It is in part, isn't it? The way this scheme was first presented to us by colleagues in Public Health Wales and the CDO was that the 10 per cent would be taken off, and all they'd have to do for that was complete the ACORN—assessment of clinical oral risks and needs—data. Certainly, in our health board, we were saying, 'Well, hang on. We want a bit more than that.' Certainly, if there were any promise of taking off more in the target, we said, 'No, no, we have to be sure that something changes.' And, as Karl has said, behaviours have changed and we felt some confidence in saying, 'Yes, we can go further', because the information from ACORN data showed the practices where they had scope to decrease their recall intervals, et cetera, which has been one of the banes of the previous contract, the way it's been applied. And they realised that they did have some wriggle room.

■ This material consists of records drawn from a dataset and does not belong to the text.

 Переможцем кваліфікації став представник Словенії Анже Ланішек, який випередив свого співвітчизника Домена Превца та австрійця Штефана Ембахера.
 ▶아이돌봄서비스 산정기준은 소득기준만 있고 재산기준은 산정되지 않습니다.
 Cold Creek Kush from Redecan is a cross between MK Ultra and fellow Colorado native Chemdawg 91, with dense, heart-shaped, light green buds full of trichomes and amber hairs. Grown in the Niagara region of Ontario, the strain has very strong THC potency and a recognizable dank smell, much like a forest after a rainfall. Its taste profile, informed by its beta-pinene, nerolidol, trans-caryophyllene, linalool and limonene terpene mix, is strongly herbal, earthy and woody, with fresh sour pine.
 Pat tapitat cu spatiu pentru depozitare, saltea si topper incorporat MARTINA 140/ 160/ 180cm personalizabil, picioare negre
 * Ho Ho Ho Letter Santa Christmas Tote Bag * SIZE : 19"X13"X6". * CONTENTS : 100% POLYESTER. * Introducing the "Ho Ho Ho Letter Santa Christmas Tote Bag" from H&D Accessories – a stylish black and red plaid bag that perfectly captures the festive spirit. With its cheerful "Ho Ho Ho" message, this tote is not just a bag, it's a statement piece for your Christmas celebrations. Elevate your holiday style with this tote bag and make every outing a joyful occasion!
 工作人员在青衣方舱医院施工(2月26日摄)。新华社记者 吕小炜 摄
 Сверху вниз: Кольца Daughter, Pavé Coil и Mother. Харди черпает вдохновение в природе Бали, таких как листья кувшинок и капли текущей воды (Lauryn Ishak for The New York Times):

But the extent to which they did or didn't have capacity to do any more than just fill in the forms is very much dependent on the size of their UDA rate to begin with. So, practices with a big UDA rate of £35, or whatever, already have dental hygienists et cetera in their mix. The smaller practices and the ones with a low UDA rate just don't have that at all. So, a lot of practices are very reluctant to join when it's just 10 per cent, because they say it will make very little difference.
But what will make a difference, we now believe, is the innovation fund that the CDO is giving out on top of the contract. So, the 10 per cent, not much difference—we can see evidence that it's increased access in our reforming practices and practices that have a higher UDA rate than others, and definitely our prototypes. Our prototypes definitely did increase access. But there won't be much movement.
When you say prototypes, is that the prototypes for this or is that the prototypes for the—
Our old ones.
The old ones that predated this.
That's right. You visited it.
So, we had two prototypes—Eastside and Belgrave. One of the good tests we've got with the current reform programme is that Belgrave have another practice in Pontardawe—a very different demography there—and we feel that, between them, we'll get a lot learning out of that.
But the 10 per cent is perceived by many practices as not enough, and you can understand that. It depends on their circumstances.
Can I just add that increasing that percentage, obviously, isn't without risk to the health boards from a financial perspective? Because, as we increase the percentage, there's a reduction in the patient charge revenue that the health boards would receive or would offset in terms of the cost of that provision. So, what we will have to make sure is that, if there is any further increase, we have robust monitoring arrangements in place in terms of what's happening around the assessment and the treatment of those patients, because, at the moment, there are fairly limited outcome indicators around the new dental contract.
We've spent quite a lot of time understanding it from the dentist down, in terms of charging. Could you just expand on that a little bit—how the health boards—? What criteria do the Welsh Government use to award a health board a particular sum of money to provide new services, or it's from the health boards—
The dental contracts were set from 2006, so, their actual values are set on that, and the UDA values are set on that. The contract, at the moment, obviously, is about achieving 95 per cent. There's a 10 per cent allowance, obviously, now, with the new dental contract reform. But that brings with it—. During the pilot in the last 12 months, it varied between practices in terms of whether there's been a loss in terms of the patient revenue charges, which makes the service, obviously, more expensive in terms of affordability.
So, the two are just—. Oh, I didn't realise that. So, the two are just completely divorced then? The 10 per cent is divorced from being attached to a—.
No, it's not, but, when a patient goes to the dentist and they pay the money, that money then is offset in terms of the overall payment to that dentist. So, if those payments are not being made because, actually, you've got 10 per cent where we are not actually recovering that income, as you increase that—
Because you're looking at, advising, checking oral health, oral hygiene—
Yes. That amount of revenue increases.
So, you only get paid for the doing of something, not for advising on something.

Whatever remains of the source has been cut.